The spatiotemporal interplay between tourism urbanization and ecosystem services (ESs) in the Yellow River Basin (YRB) is characterized by pronounced spatial polarization and declining coupling coordination degrees (CCD), as revealed through integrated entropy-InVEST modeling (Figs. 2, 3, 4, 5, 6, 7, 8 and 9). Key findings include:

(1) Asymmetric land-use transitions Construction land expanded by 1.95 × 104 km2 (2000–2020) at the expense of cropland and grassland (Fig. 3), driving a 12.96% CCD decline between tourism urbanization and carbon sequestration (Fig. 9d).

(2) Subsystem asynchronicity Urbanization and eco-environmental subsystems achieved 68% and 72% of their potential, respectively, while the tourism subsystem lagged at 43% (Fig. 4a), reflecting policy-driven imbalances in resource allocation.

(3) Transitional zone resilience Despite intensive urbanization, the Guanzhong Plain maintained stable CCD (0.58 ± 0.07; Fig. 9d), suggesting thresholds for sustainable transitions in ecologically vulnerable regions.

These findings extend coupling coordination theory by identifying spatial heterogeneity as a critical mediator of tourism-ES interactions, contrasting with Mediterranean models where policy inertia perpetuates imbalances2,19. The proposed three-tier governance framework—prioritizing green infrastructure in high-coordination zones (CCD ≥ 0.55), ecological compensation in transitional areas (0.35 ≤ CCD < 0.55), and slope-based restrictions in fragile regions (CCD < 0.35) —provides a replicable model for balancing growth and ecology in global river basins. For instance, the Shandong Peninsula’s wetland restoration strategy mirrors the Mississippi River Basin’s floodplain management63, while the Loess Plateau’s slope restrictions align with Nepal’s landslide mitigation policies64. This framework’s emphasis on tourism-specific pressures complements the EU’s Water Framework Directive65, which focuses on industrial and agricultural impacts, thereby addressing a critical gap in basin-scale ES management.
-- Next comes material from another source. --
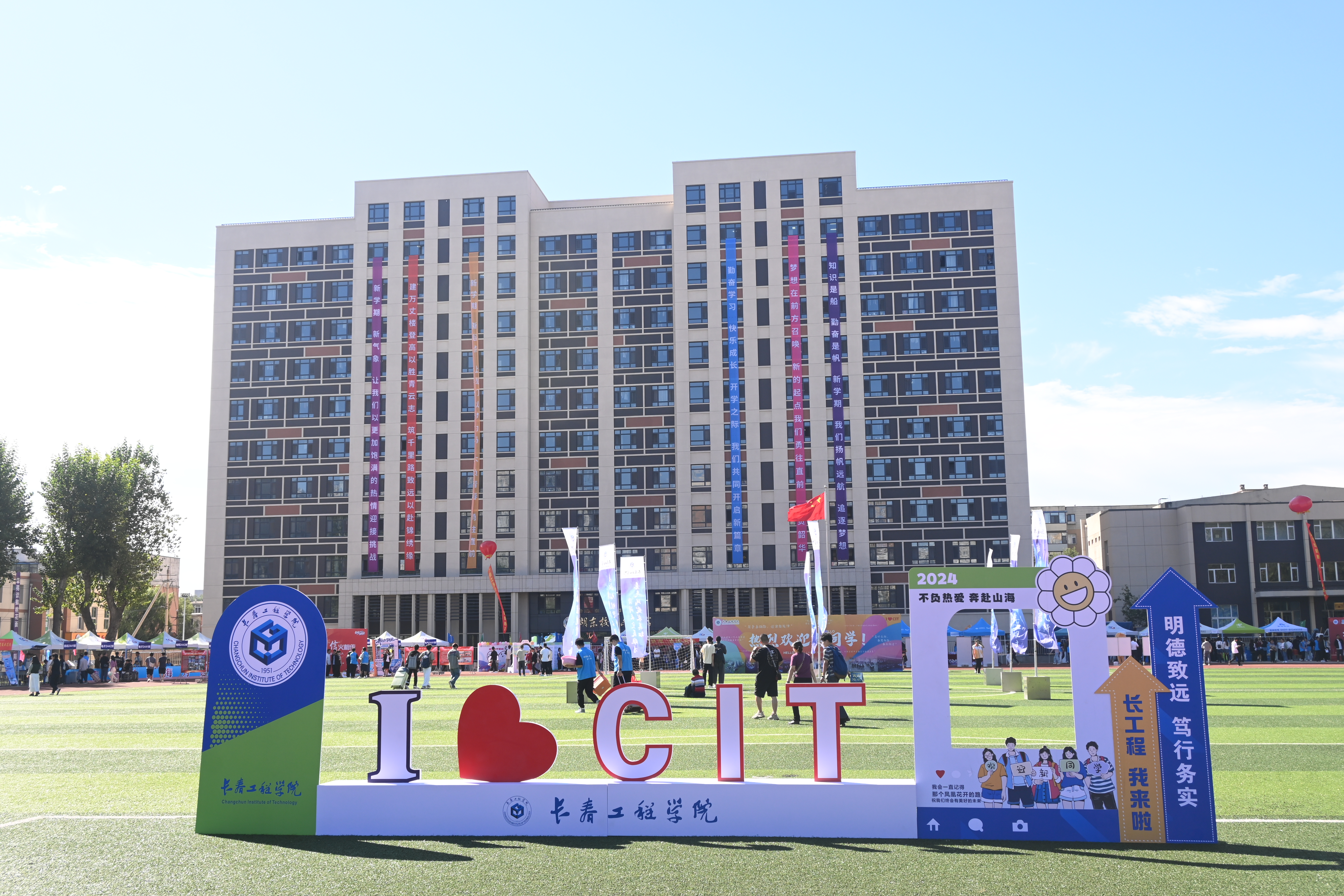 9月7日全天,心博在线平台(中国)官网工作人员和学生志愿者到长春火车站和长春西站接待引导心博在线平台(中国)官网新生及家长。校园内彩旗摇曳,路边挂着喜庆温馨的条幅,各类迎新标语和路标指引随处可见,构成一道靓丽的风景线。

Several limitations warrant attention. First, municipal-scale data, while critical for regional policy alignment, may spatially average fine-grained ES variations (e.g., wetland fragmentation in the Yellow River Delta)66, leading to underestimated local trade-offs—a issue similarly noted in the Mekong Basin’s ES assessments67. Second, the exclusion of cultural services (e.g., recreational aesthetics) limits holistic CCD evaluation, contrasting with integrated frameworks like the UK National Ecosystem Assessment68. Third, our model’s assumption of linear urbanization-ES interactions diverges from threshold-based approaches in socio-ecological resilience studies69, potentially oversimplifying feedbacks in fragile landscapes. Future work should integrate high-resolution remote sensing and dynamic system models to resolve these gaps.